WHAT THE TASK ASKS — A word-for-word copy of the data, with no images, is the required answer.

INFORMATION SUPPLIED —
-*-

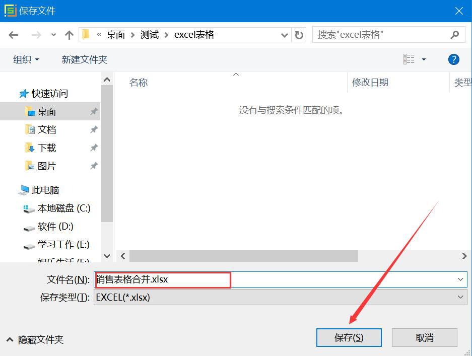 6、同时,Excel表格汇总分类能手会弹出保存文件的窗口,我们选择Excel文件合并后的保存路径。为了方便后续文件的区分、查找,我们对合并后的Excel文件重命名,再点击“保存”按钮。
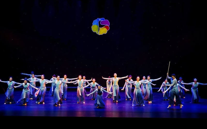 在展演首晚進(jìn)行的中國(guó)舞展演中,15個(gè)群舞節(jié)目先后亮相。舞美燈光下,舞者們時(shí)而踏著八音盒中的旋律,化身為唐朝盛世中的陶俑;時(shí)而身穿群青色傣家少女服飾,翩躚于幽靜山水間;時(shí)而化身伎樂(lè)飛天從壁畫中蘇醒,羽衣翩躚、綢帶飄舞。
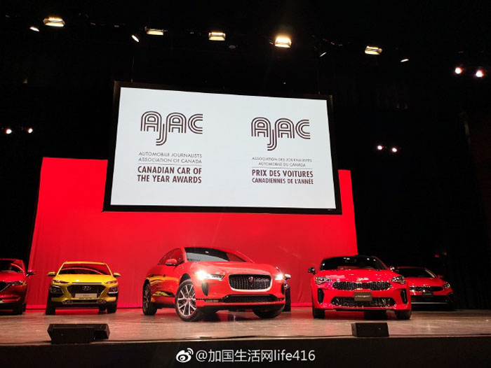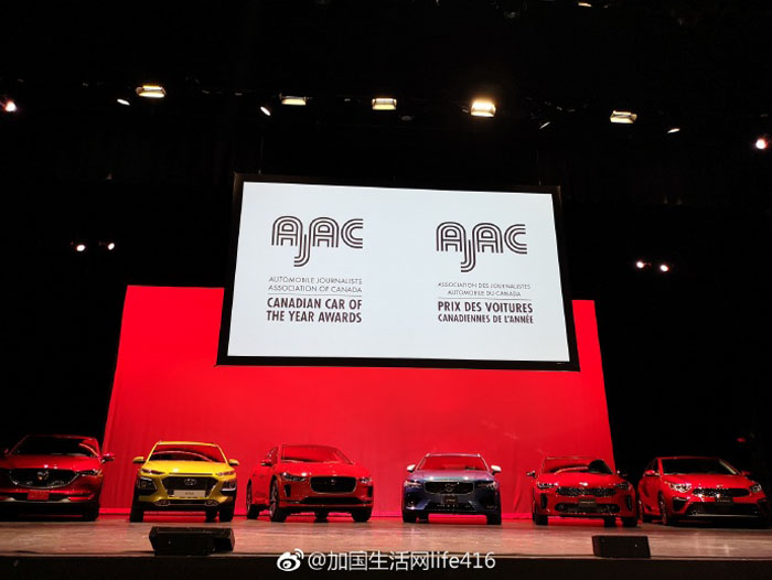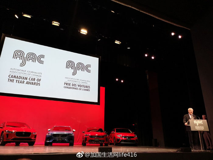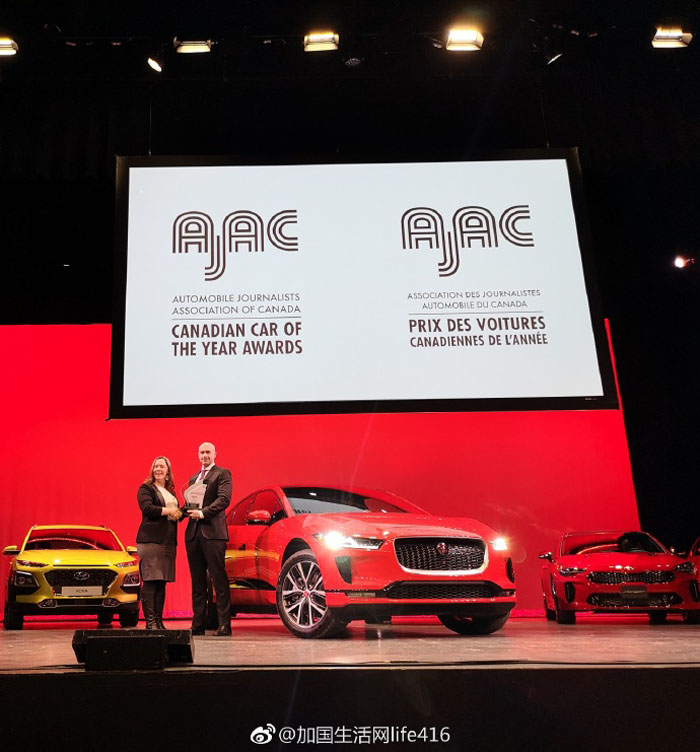 2019 Canadian Car of the Year and Utility Vehicle of the Year by the Automobile Journalists Association of Canada (AJAC):Kia Stinger(Best Large Car in Canada) and the Jaguar I-PACE(Best Premium Electric Vehicle in Canada).
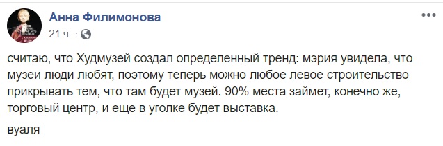 «Считаю, что Худмузей создал определенный тренд: мэрия увидела, что музеи люди любят, поэтому теперь можно любое левое строительство прикрывать тем, что там будет музей. 90% места займет, конечно же, торговый центр, и еще в уголке будет выставка. Вуаля», - написала она в Facebook.

-*-

TASK RESPONSE —
 6、同时,Excel表格汇总分类能手会弹出保存文件的窗口,我们选择Excel文件合并后的保存路径。为了方便后续文件的区分、查找,我们对合并后的Excel文件重命名,再点击“保存”按钮。
 在展演首晚進(jìn)行的中國(guó)舞展演中,15個(gè)群舞節(jié)目先后亮相。舞美燈光下,舞者們時(shí)而踏著八音盒中的旋律,化身為唐朝盛世中的陶俑;時(shí)而身穿群青色傣家少女服飾,翩躚于幽靜山水間;時(shí)而化身伎樂(lè)飛天從壁畫中蘇醒,羽衣翩躚、綢帶飄舞。
 2019 Canadian Car of the Year and Utility Vehicle of the Year by the Automobile Journalists Association of Canada (AJAC):Kia Stinger(Best Large Car in Canada) and the Jaguar I-PACE(Best Premium Electric Vehicle in Canada).
 «Считаю, что Худмузей создал определенный тренд: мэрия увидела, что музеи люди любят, поэтому теперь можно любое левое строительство прикрывать тем, что там будет музей. 90% места займет, конечно же, торговый центр, и еще в уголке будет выставка. Вуаля», - написала она в Facebook.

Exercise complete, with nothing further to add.